### GIVEN DATA
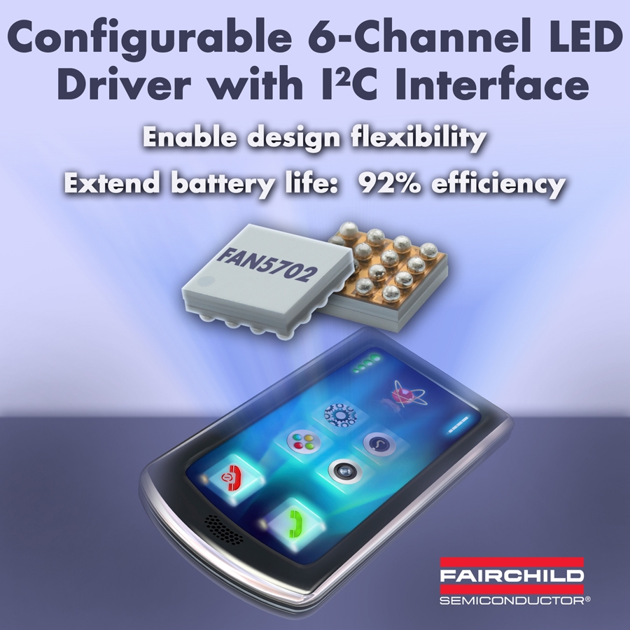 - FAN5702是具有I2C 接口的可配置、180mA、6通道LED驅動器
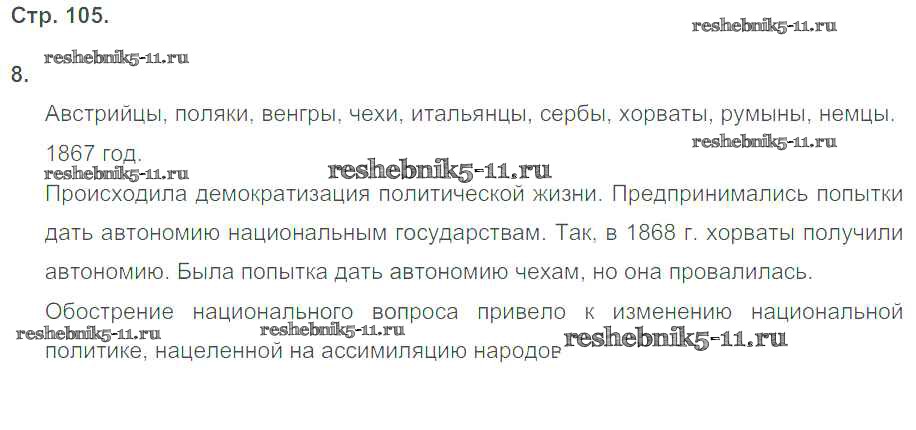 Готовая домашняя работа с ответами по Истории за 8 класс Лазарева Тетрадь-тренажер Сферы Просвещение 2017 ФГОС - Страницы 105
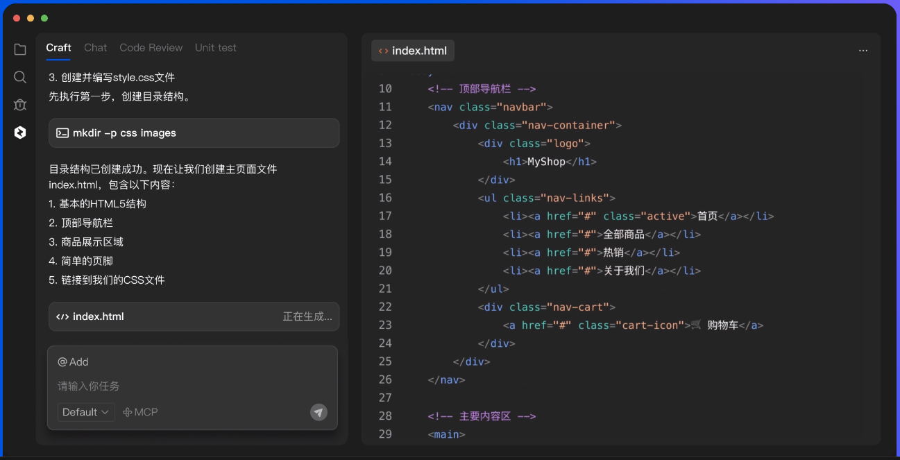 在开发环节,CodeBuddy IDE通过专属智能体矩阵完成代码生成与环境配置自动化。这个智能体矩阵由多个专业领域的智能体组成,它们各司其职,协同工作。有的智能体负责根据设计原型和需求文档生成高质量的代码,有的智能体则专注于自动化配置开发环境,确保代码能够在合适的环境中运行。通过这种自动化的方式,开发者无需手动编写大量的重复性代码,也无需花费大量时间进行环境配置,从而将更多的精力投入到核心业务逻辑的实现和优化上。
######
## PROBLEM DETAILS
Transcribe all of the data above exactly; no picture belongs in the copy.

## RESPONSE
 - FAN5702是具有I2C 接口的可配置、180mA、6通道LED驅動器
 Готовая домашняя работа с ответами по Истории за 8 класс Лазарева Тетрадь-тренажер Сферы Просвещение 2017 ФГОС - Страницы 105
 在开发环节,CodeBuddy IDE通过专属智能体矩阵完成代码生成与环境配置自动化。这个智能体矩阵由多个专业领域的智能体组成,它们各司其职,协同工作。有的智能体负责根据设计原型和需求文档生成高质量的代码,有的智能体则专注于自动化配置开发环境,确保代码能够在合适的环境中运行。通过这种自动化的方式,开发者无需手动编写大量的重复性代码,也无需花费大量时间进行环境配置,从而将更多的精力投入到核心业务逻辑的实现和优化上。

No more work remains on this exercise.